Verna relies on a tripartite model that distinguishes between three
hierarchical capacities of the human soul:
1.)
The MIND: cognition, reasoning, moral insight,
deliberation and freedom of choice.
2.)
INSTINCTIVE IMPULSES: desire, or impulses that
seek to drive the person closer to other things.
3.)
EMOTIONAL IMPULSES (thymos): anger/ assertiveness, or impulses that seek to push things
from the person.
This view of the human soul derives
strongly from the philosophy of Plato and Neo-Platonism, in which the “parts”
of the soul are not “self-enclosed, static entities,” but rather complementary
facets of a whole person. Among these three aspects, though, the mind occupies
the pinnacle of the soul because it can perceive spiritual reality. The mind is
also what is supposed to keeps the instinctive and emotional impulses in check.
The problem, for Sr. Verna, is that the harmony and obedience to the mind has
become disrupted by humanity’s fallen condition. The consequences of this
condition so often give emotions and impulses the leverage to lead us not
toward virtues, but toward passions, or temptations that will eventually lead
one to sin, which “colors one’s whole state of mind.” “Sin,” today has a lot of negative
connotations, but in the writings of the early church fathers, the reason why
passions were to be avoided was not
because they were just “bad” in some kind of constructed sense of moral
arbitrariness to make people feel guilty all the time. Rather, passions were
harmful because ultimately they spread like a sickness and were thought to
induce self-destruction; we become slaves to our desires, limiting our freedom
as human beings, and making us further “miss the mark” of the divine Good.

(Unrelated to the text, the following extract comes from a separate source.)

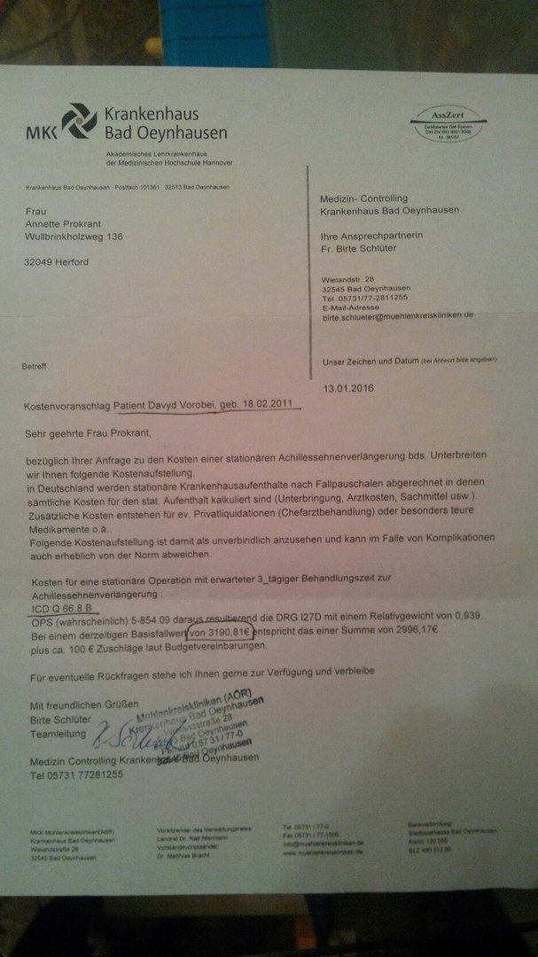Зі слів мами хлопчика Вікторії, німецькі лікарі поставили малюку діагноз ДЦП, енкопрес та хвороба Еквінуса (синдром балерини). Жінка розповіла, що сину необхідна операція у Німеччині, вартістю 220 000 гривень. Однак, для сім’ї дитини це надто велика сума.

It is on this distinction between the soul and other aspects
of the human person or psyche that we see the biggest difference between the
writings of Sr. Verna and Fr. Mel. In fact, in explaining the latter’s views,
it is helpful to begin by discussing his conception not of the mind but of the
heart, which is the term he uses for the Greek word “nous.” In the east, our nous or heart—not the mind--is the
center of spiritual awareness. In his view, the mind is hardly a fail-safe
generator of calculated, purposeful thought. Though the mind is not evil in
itself, its needs, demands, desires, fears and judgments are restless, ceaseless
and insatiable. Fr. Mel describes the problems of the mind as such, “When we
are not actually using [the mind], it carries on under its own power, behaving
as if it were in charge and issuing a constant stream of comments and
challenges, almost all of which are negative in character […] because the mind
dwells in a land of unrelenting desire and boundless fear, and it attempts to
influence us to experience these two areas as our rightful home.” The church
fathers and ascetics traditionally refer to this “torrent of thoughts that
accompanies our daily life” by the Greek term logismoi, incessant thoughts that
are not sinful necessarily, but that demand more and more attention, so that we
often become slaves to our worst thought patterns and behavioral habits.

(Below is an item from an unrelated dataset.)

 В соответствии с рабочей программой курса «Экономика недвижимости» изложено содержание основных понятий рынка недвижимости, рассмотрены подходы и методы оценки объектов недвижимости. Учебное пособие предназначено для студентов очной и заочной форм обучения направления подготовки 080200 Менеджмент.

So we have two slightly different
problems of the mind on the table, here. On the one hand, Sister Verna thinks
the mind must become stronger in order to bring into submission the other
impulses of the soul. Fr. Mel, however, essentially thinks the mind must become
weaker in submission of the heart, which is the self’s quiet, spiritual center.
What do Sister Verna and Father Mel think the solution to these problems of the
mind are? I don’t think either of them thinks these difficulties can be
“solved,” but they do offer us ideas as to how to become more whole in the
midst of ourselves. Both offer a number of ways to combat the excesses of the
human mind, and I will focus on one point each raised.
For
Sister Verna, the balance between the parts of the soul must be restored so
that our intellect guides our emotions and impulses. In doing so, she draws off
of the writings of Gregory of Nyssa, who said that “if reason receives back
control over emotions, each of them is transformed into a kind of virtue. Anger
produces courage, fear produces obedience, the power of love produces the
desire for what is truly beautiful […] Set your minds constantly on things that
are above. And so, one finds that every such movement, when lifted up by
loftiness of mind, is conformed to the beauty of the divine image.” Redirecting
these various emotions, however, is easier said than done. Sister Verna
suggests that, first, one ought to address the problem of pride, which is often
at the root of all other passions and mental tendencies. Instead of trying to
passively avoid pride, however, one should actively try to practice the virtue
of humility, the virtue from which all other virtues are derived. Sister Verna
acknowledges that humility has often gotten a bad rap today, and been used
“falsely as a weapon to keep women, the disabled and members of minority groups
in their place and to silence their righteous protests by labeling them as
proud.” She tries to reinvigorate the virtue of humility, by explaining that
“real humility has nothing to do with creating in myself a low self image or
making myself feel guilty. It means recognizing that all my talents and virtues
are gifts from God for which I am profoundly thankful. […] Humility is not
about pondering how awful I think I am, it is about how I relate to others.
Fr.
Mel’s suggestion, admittedly, will at first seem to be trite: as much as you
can, live in the present. The mind, he argues, seeks to dwell either in the
past (memory) or the future (fantasy), since “The present moment is completely
outside the mind’s control and thus […] it rejects the here and now. […] It
lives in an environment of constant complaint and discomfort.” Since the mind’s
main task is to label and organize information, the present moment presents
itself as a kind of unsortable anomaly to us: there is no form to the present
moment, no recognizable beginning and end to it, nothing to measure. It is a mystery. The mind spends most of its
time in desires and fears—both of which are either in reference to the past or
future rather than the present. And so, our mind distracts us in all sorts of
ways from the present: we watch movies, read novels, spend endless amounts of
time online, stay in bed longer than necessary… All the while secretly
disdaining the present.
The heart, however, is what allows us to live in the present
moment, because the heart is the part of us that was made to embrace ambiguity
and mystery without having to resolve it. At first, everything that Fr. Mel
wrote seemed to me overly simplistic, but as I said I have been going through
his work for several months now, and it has steadily grown on me. In the
instances where I have been stressed by some anxiety or other, and have been
fortunately able to recognize it, the worry has always stemmed from something in
the past or future I was trying to solve, rationalize, justify myself, or
conquer—even just in the back of my mind.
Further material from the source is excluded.